Pre-trained Model and Sequential Model
In this study, the transfer learning technique was applied that was introduced by using ImageNet data to resolve inadequate data and the time for preparation. The weights trained on ImageNet were downloaded for each model. The feature maps were treated as input size in the applied layers training process. Besides, since the convolution base was run on the small data set and the extracted features were taken as input, it worked in a highly efficient way. Thus, for fine-tuning, a brief description was made of the CNNs employed for automatic detection. Table 1 shows the CNNs applied for the classification function and criteria for transfer learning. The parameters of the fine-tuning were determined after several experiments. The number of possible choices was limitless; their contribution to improving efficiency could be explored in future research. The parameter called frozen layer refers to the number of untrainable layers starting from the top of the CNN, which is good because their weights are not expected to change during the process of model training. The last activation feature map in the pre-trained model provides us with the bottleneck features, which can then be flattened and fed into a fully connected deep neural network classifier. The other layers closer to the output features were trained to allow the extraction of more information from the late coevolutio nary layers. A dropout layer(Hinton et al. 2012) was added to prevent the occurrence of overlapping (Hawkins 2004) for neural networks using two hidden layers as depicted in Figure 1. The network is trained with a softmax classifier for 15 epochs by using an RMSprop optimizer(Tieleman & Hinton 2012) and learning rate of 0.00001 with the batch size set to 32. The result of training the pre-trained model produces a high feature representation of the images before these features passed to sequential model, while the sequential model used as a classifier with the last three layers including the softmax classifer. The consumed time to start the first epoch and the total training time for each model are shown in Table 1.
METRICS
In this paper, the performance of classification models to detect positive case of COVID-19 based on popular pre-trained models was evaluated. The proposed deep transfer learning models were trained separately using the Python Programming Language. All experiments were conducted with Tesla K80 GPU graphics card on Google Collaboratory with Windows 10 operating system. We used tenfold-cross-validation approach to assess the performance of our models.

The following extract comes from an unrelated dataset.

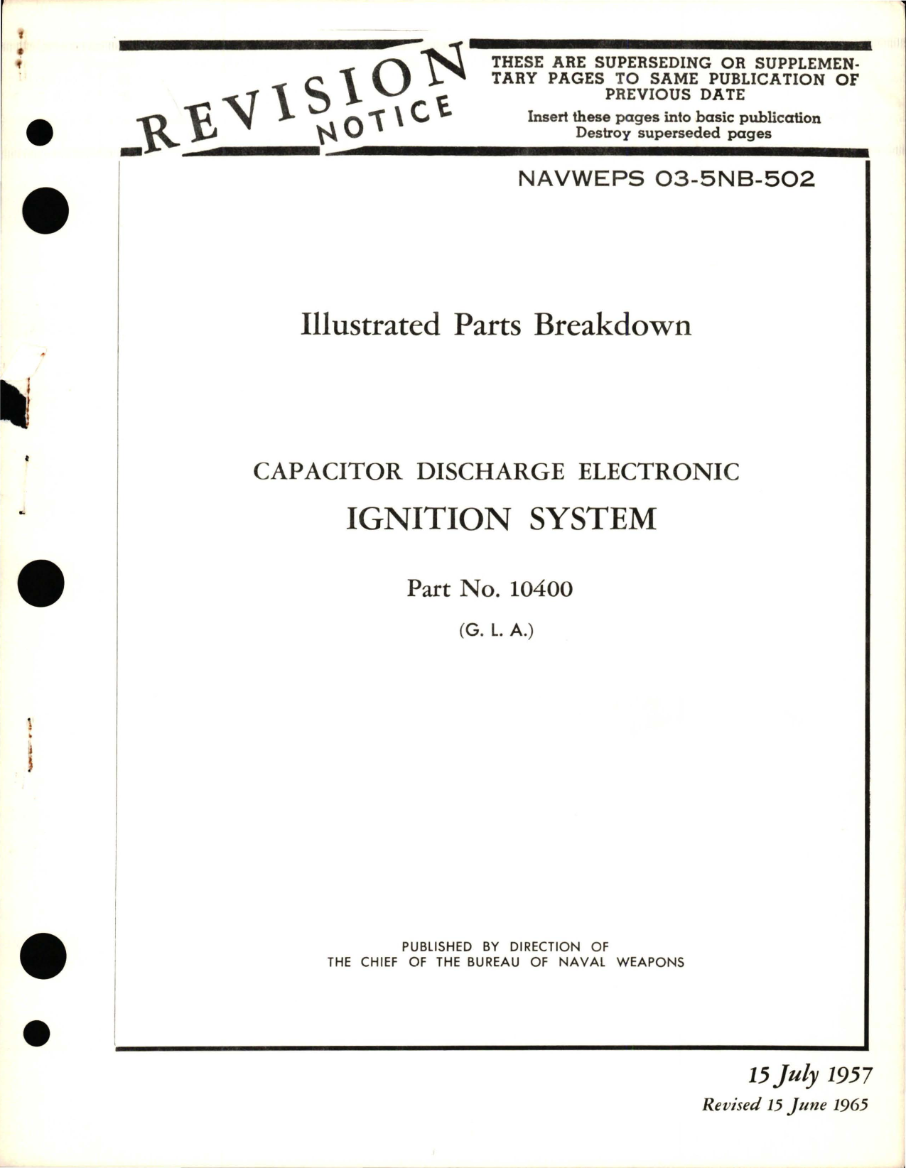 Illustrated Parts Breakdown for Capacitor Discharge Electronic Ignition System - No 10400 , NAVWEPS 03-5NB-502, 15-June-1965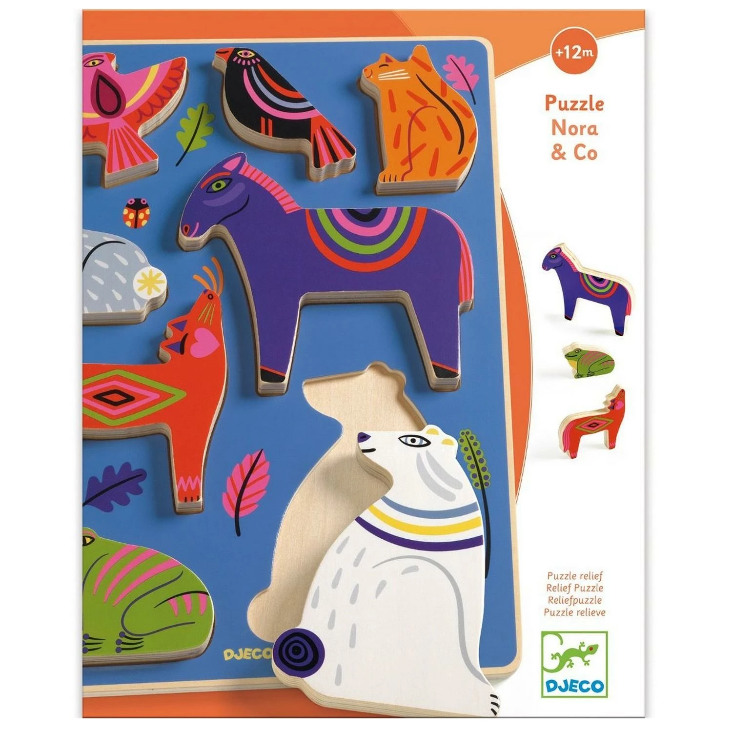 Nora & Co est un puzzle en bois facile Ă assembler sur le thème des animaux de la forĂŞt. Les pièces en relief permettent Ă l’enfant de jouer avec les animaux. Des pièces larges qui sont faciles Ă attraper pour les petits. Les animaux tiennent debout, pour encore plus de jeu ! Vendu dans une boĂ®te : pratique pour offrir et pour ranger.

The confusion matrix provides a common basis for the performance of classifiers to be evaluated. The literature on performance metrics based on confusion matrices is plentiful and diversified. in addition, it includes both frequent proposals for new statistics and the development of statistical models for their estimation. Here, we introduce an open-source Python library known as PyCM(Haghighi et al. 2018). It is not only a Python-based multi-class confusion matrix library purposed to support both the input and direct matrix data vectors but also a useful tool for evaluating the post-classification model that supports overall statistics parameters and class-based statistics parameters.
Confusion matrix
A confusion matrix was introduced to analyze whether the prediction is consistent with the actual results. The confusion matrix is an effective method in assessing the classifier for its performance in classifying multi-class objects. This study focused on the general properties of the learning algorithm to address the problems with multi-class classification and measure quality with the confusion matrix. The instances in a predicted class represent each row of the matrix, while each column represents the instances in an actual class. The confusion matrix is regarded as one of the accurate measurements that provide more insight into the achieved validation accuracy. The three classes are investigated with the eight types of deep transfer learning. Nevertheless, such an assessment remains unclear, and the need for quantitative evaluation cannot be avoided(Carrillo et al. 2014).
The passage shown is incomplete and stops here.